Nie dziwi to Iwony Gęsiny, która gdy oprowadza żydowskie wycieczki po Warszawie, jest przez nie zasypywana pytaniami. - Czy Polacy są antysemitami, dlaczego Polacy są antysemitami, tym narodem, który nie lubi Żydów? I wydaje mi się, że to jest coś, co jest powtarzane przez Żydów, utarło się, tak jak u nas mówi się o teorii spisków żydowskich. Wydaje mi się, że coś takiego działa również tam, u nich - ocenia pilotka.
Ochrona ponad wszystko
Poczucie zagrożenia może też zwiększać fakt, że każda wycieczka pilnowana jest przez ochroniarzy. Żadnego uczestnika wycieczki to nie dziwi. - Tak po prostu musi być - mówi jeden z młodych turystów z Izraela. Kierownik Centrum Edukacyjnego przy Muzeum Historii Żydów Polskich mówi, że według niego, to przesada.
- Synagoga, która jest normalnie odwiedzana, uczęszczana, jest na przykład dokładnie sprawdzana najpierw przez ochroniarza izraelskiego, który patrzy pod ławki, w różne kąty czy nie ma tam jakichś ładunków. Ja rozumiem, że on wykonuje jakąś swoją instrukcję, która jest absurdalna w tym momencie, kiedy ta synagoga ma swoją, polską ochronę - mówi Piotr Kowalik.

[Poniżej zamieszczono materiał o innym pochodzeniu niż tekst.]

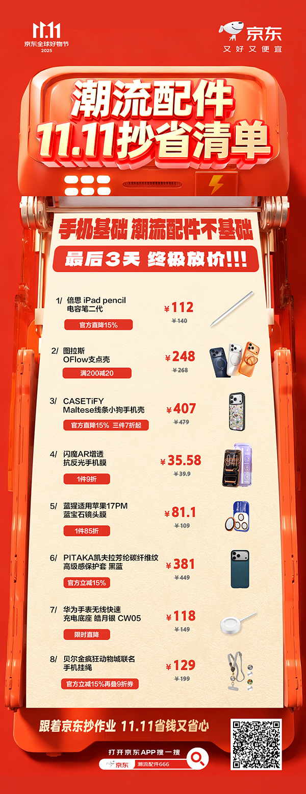 在京东 11.11又好又便宜的福利加持下,不少朋友换新了手机,入手手机支架、手机壳、手机链等配件绝对是必做功课。图拉斯OFlow支点壳是潮流人士的必备之选,京东下单可享满200减20优惠,到手价只需248元;CASETIFY Maltese线条小狗手机壳以其独特的设计和精致的工艺,成为潮流新宠,京东11.11官方直降15%、三件7折起,最终到手价479元;贝尔金疯狂动物城联名手机挂绳,京东下单享官方直降15%、再叠9折券福利,到手价129元;倍思iPad pencil电容笔二代,京东官方直降15%,只需112元就能到手。另外闪魔AR增透抗反光手机膜享1件9折福利,到手低至35.58元;蓝猩蓝宝石镜头膜,适用于iPhone 17系列,京东下单立减15%到手只需81.1元;华为手表无线快速充电底座,京东限时直降只需118元。

Obowiązkowe towarzystwo ochroniarzy to wprawdzie nie tylko polska specyfika - podobnie jest z izraelskimi wycieczkami na całym świecie. Pojawia się jednak pytanie na ile ochrona strzeże uczestników wycieczek, a na ile izoluje młodych Żydów? Bo to kontakt z ludźmi może pozwolić młodym Izraelczykom pozbyć się uprzedzeń wobec Polaków. I odwrotnie.